Segment Start: Data for review
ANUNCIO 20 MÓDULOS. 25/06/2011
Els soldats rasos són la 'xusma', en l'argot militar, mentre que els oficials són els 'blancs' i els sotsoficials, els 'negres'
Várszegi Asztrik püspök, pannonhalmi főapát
Segment End: Data for review
Segment Start: Data for review
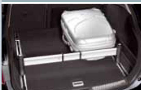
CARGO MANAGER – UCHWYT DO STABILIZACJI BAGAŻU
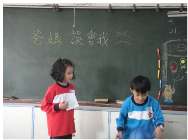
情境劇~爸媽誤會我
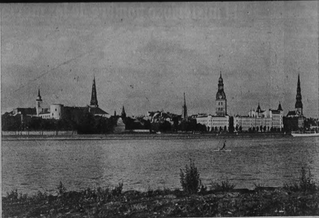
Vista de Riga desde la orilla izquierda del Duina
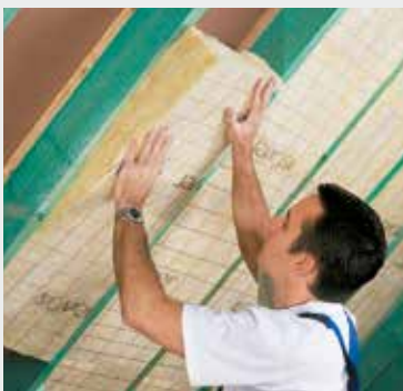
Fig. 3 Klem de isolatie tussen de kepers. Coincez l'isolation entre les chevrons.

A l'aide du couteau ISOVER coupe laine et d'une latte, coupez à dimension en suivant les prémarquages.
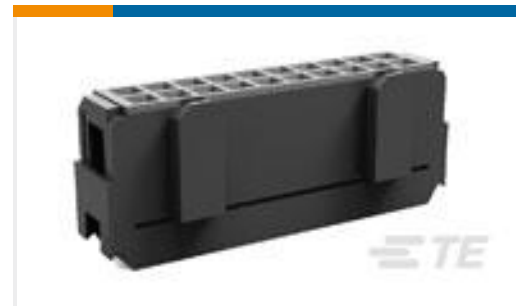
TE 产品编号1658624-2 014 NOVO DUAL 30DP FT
Segment End: Data for review
● **Task directions**:
Although pictures appear among the records above, write out exactly only the lines from the one that has "A l'aide du" through the one that has "TE 产品编号1658624-2 014 NOVO DUAL 30DP FT", and leave the pictures out.

● **Response to this exercise**:
A l'aide du couteau ISOVER coupe laine et d'une latte, coupez à dimension en suivant les prémarquages.
TE 产品编号1658624-2 014 NOVO DUAL 30DP FT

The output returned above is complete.